Most helpful customer reviews

3 of 3 people found the following review helpful.
5Not for the faint of heart... but that's not a bad thing.
By Mr. Kunz
I love this book. It gives a realistic view of the future, and it's possible darker societal changes that can be seen today, roughly 50 years after the book was first published. It includes the british ending, which is the way the book is supposed to end, compared to the lesser philosophical Kubrick ending that the U.S. was initially given. I will read this book dozens of times over, just because i enjoy Alex's charismatic and vulgar demeanor to provide more depth, reality, and complexity than anything found in modern media's characterization of the rebellious teenager. The story criticizes socialism, democracy at times, meanwhile pointing out our flaws as human beings to appreciate the arts of past generations, with just the right amount of satirical humor to keep the reader invested. It's a hard book to read, yet i challenge you to put it down after reading the first page. This book is a work of art. Thank you Anthony Burgess

1 of 1 people found the following review helpful.
5is amazing. The Kubrik movie holds fairly true to the ...
By Clyde R. Lowry Jr.
I've recently started reading 'the classics' for which I've only ever seen the movie and this one my brothers, is amazing.
The Kubrik movie holds fairly true to the book, except for the ending, which I won't spoil it for anybody who hasn't read it yet. I am left scratching my head, as to why Kubrik left out the final chapter - he had to have had access to the UK version of the book. While the movie has always been a favorite of mine, I feel the addition of the final chapter would have made it even better.
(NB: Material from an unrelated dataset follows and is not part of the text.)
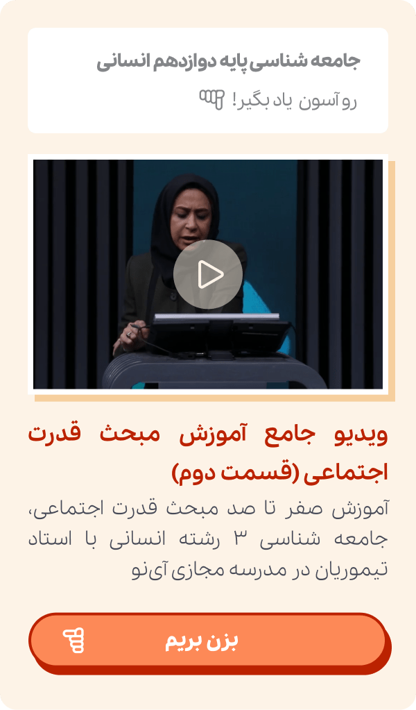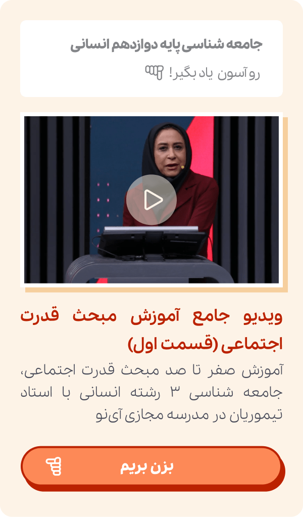 پس هرچه توان تاثیرگذاری بر افراد بیشتر باشد به این معناست که قدرت اجتماعی نیز بیشتر خواهد بود. تمام موارد در ویدیو آموزشی قدرت اجتماعی جامعه شناسی ۳ آورده شده است و شما میتوانید به راحتی و با مراجعه به سایت مدرسه مجازی آی نو به صورت نامحدود از ویدیوهای آموزشی جامعه شناسی دوازدهم انسانی استفاده کنید.

It adds a whole new twist to the story and a depth to the Alex character that almost makes him human.

One word of warning though ... the book is heavy with rhyming slang, and some unusual words and phrases lifted from the Russian language: gavoreeting == talking, which is pretty close to the actual Russian word for speak (I never thought my High School Russian classes would come in helpful).

If you have any ability for language it shouldn't take more than the 1st couple of chapters to start understanding the nadsat slang Alex and his droogs use.

1 of 1 people found the following review helpful.
5A wonderful, weird tale
By The Little Brit
A wonderful, weird tale. Perhaps the ultimate "Coming of Age" novel. In a wry, funny, very direct and violent fashion, both in the words he uses and the scenes he describes, Burgess has painted a disturbing, but somehow moving story of disaffected (very) youth in a future city that could be yours.
It's worth the effort to translate the few words used of the "Nadsat" language, invented by Burgess, as you read this story in order to fully appreciate the various layers that the author has woven into his short but rich tale and those of of a dystopian and highly dysfunctional future. His implied and direct criticisms of modern government, society at large and the church are hilariously chilling. After having read this book at least four times now, it has moved up my list of favorites to be close to the top by now. It gets better and deeper with each read. Make sure you get a version which includes the "last" chapter, which was omitted in the otherwise quite good Kubrick movie of the same title.